One detail that’s truly alarming about Equifax data breach is the fact that Social Security numbers were among the trove of data hackers gained accessed to when they broke into the company’s computer system. That means that tax-filing season is going to be especially fraught this year because of the higher risk of fraudulent returns.
As many as 143 million consumers — or two-thirds of all Americans with credit reports — may have had their personal information exposed, the company said in a September 8 announcement.
Money expert Clark Howard says that as a result of the dangers, the Internal Revenue Service is taking a hard line on tax refunds this year as a precaution — and that may mean arduous delays in getting your returns.
“The tax system could be extremely vulnerable for filing this year’s returns starting in January next year where the criminals will be able to sneak through and file false returns as if they’re you, which means any refund that you’re going to expect, you’ll have to wait 10 to 14 months to receive, and… that is crazy.”
Some Americans can get an Identity Protection PIN from the IRS
To put it another way, imagine that come tax time that you file your return and eagerly await the money that’s owed back to you — only to find out that said money won’t be arriving anytime soon, not even in the same calendar year.
You may be saying to yourself, “Wait a minute, I should be protected.
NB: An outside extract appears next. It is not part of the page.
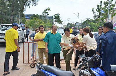 นายธีระ อนันตเสรีวิทยา รองผู้ว่าราชการจังหวัดสุราษฎร์ธานี ประธานพิธีเปิดโครงการฯ กล่าวว่า การดําเนินงานโครงการปศุสัตว์ร่วมใจกําจัดภัยโรคพิษสุนัขบ้าเพื่อเฉลิมพระเกียรติฯ จัดขึ้นเพื่อให้สุนัขและแมวได้รับการฉีดวัคซีนป้องกันโรคพิษสุนัขบ้าจากองค์กรปกครองส่วนท้องถิ่น ครอบคลุมทุกพื้นที่ทั่วประเทศ และมีการดําเนินการอย่างต่อเนื่องเป็นประจําทุกปี รวมถึงประชาสัมพันธ์ให้ประชาชนมีความรู้ ความเข้าใจและตระหนักรู้ถึงอันตรายของ โรคพิษสุนัขบ้า ไม่ปล่อยสัตว์เลี้ยงให้เป็นสัตว์จรจัด และสามารถลดปัญหาการเพิ่มจํานวน ของสุนัข-แมวจรจัดตามที่สาธารณะ ซึ่งหน่วยงานที่เกี่ยวข้องสามารถร่วมกันสร้างพื้นที่ ปลอดโรคพิษสุนัขบ้า และป้องกันไม่ให้มีคนเสียชีวิตด้วยโรคพิษสุนัขบ้าอี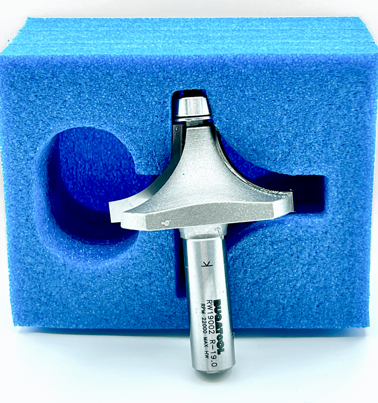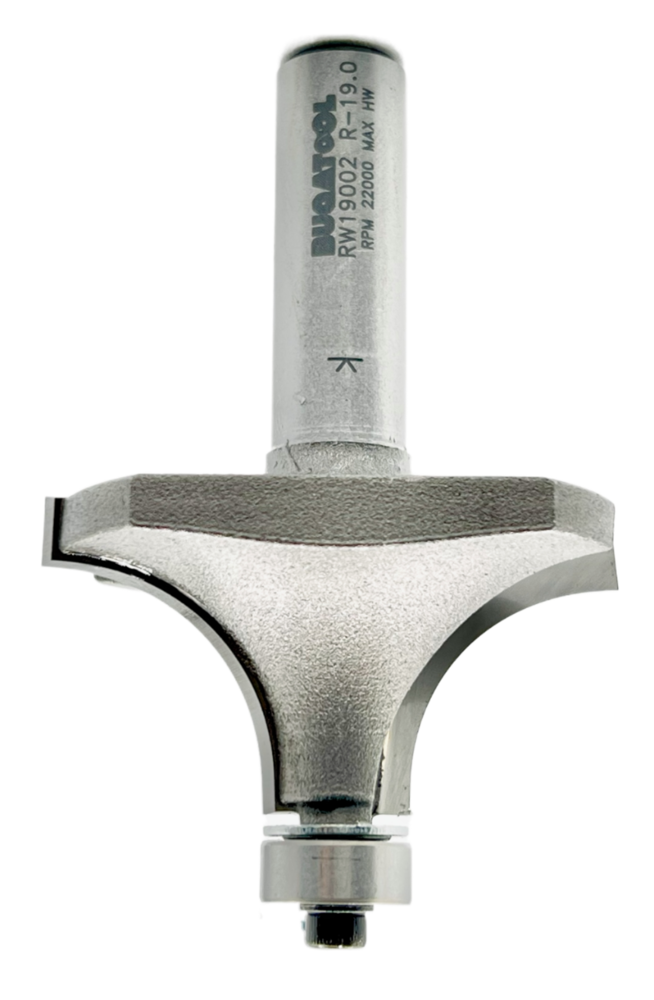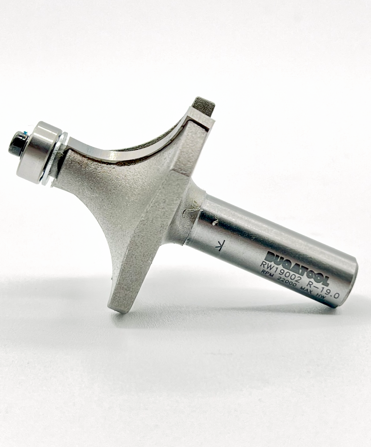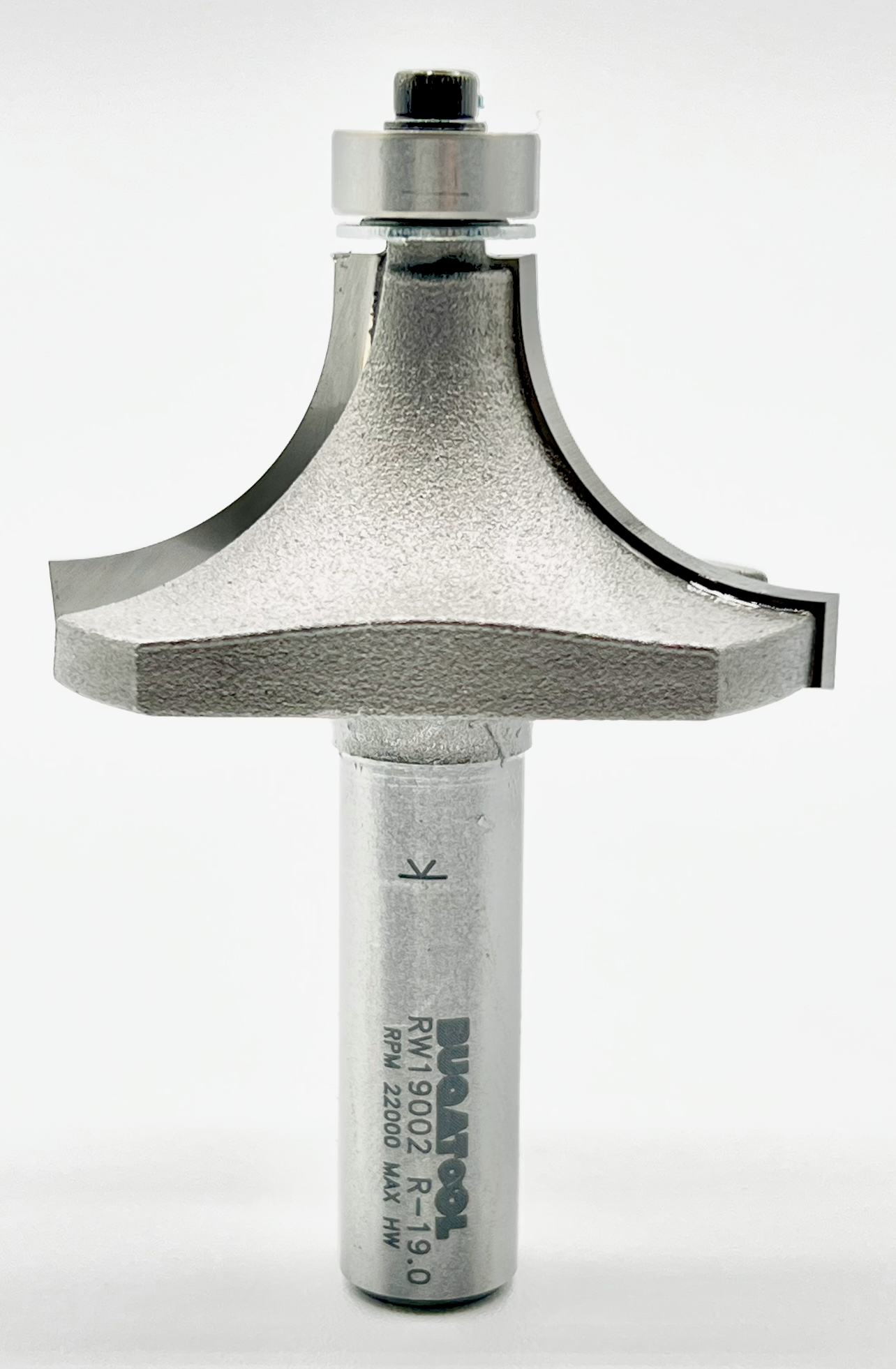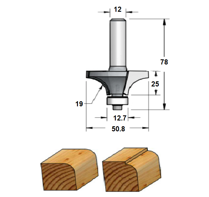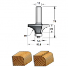 Fresa industrial de radio 19 mm para redondear cantos de madera con 2 cuchillas con vástago S12 y rodamiento de metal.

I put a freeze on my credit. I also signed up for free credit monitoring.” The problem is that the crooks can still commit tax-related identity theft because although they won’t be able to open any new lines or credit, they presumably could still access your key-identifying information (like your Social Security number) and siphon funds meant for you to them.
The IRS has come up with a safeguard that can stop fraudulent tax filers. It’s a six-digit number called an Identity Protection PIN (IP PIN) and it’s currently only available to residents of Georgia, Florida and Washington, D.C.
“With that PIN, you won’t have to worry about someone filing a return as if they’re you because they won’t have your IRS filing pin,” Clark says.
Listen to Clark explain the IRS’s Identity Protection PINs
Important: The IRS says once you get assigned an IP PIN, you’ll have to use it to confirm your identity on all federal tax returns going forward.
Here’s how to get your IRS pin, as explained on the agency’s website:
To register, you need:
- Your Social Security number, date of birth, filing status and mailing address from your latest tax return,
- Access to your email account,
- Your credit card number or account number from a car loan, mortgage, home equity loan or home equity line of credit, and
- A mobile phone with your name on the account.
To get an IP PIN, you must:
- Pass the IRS identity verification secure access process, and
- Create a user profile
- Click here to register for your PIN
The irony of all this is that if you’ve enacted a credit freeze with Equifax, you’ll have to contact them in order to protect yourself with a PIN. The IRS will need the freeze temporarily thawed so that the agency can verify your identity. When registration is complete, you can refreeze your credit.
Once you’ve secured your PIN, you should be good to go, right? Not necessarily. Clark says that getting a PIN is only the first of two steps consumers need to complete to really protect themselves from tax-related ID theft.
“The other thing you should do is reduce your withholding at work so that you’re not expecting a big refund next year, that you might have to wait 10 to 14 months for anyway,” he says.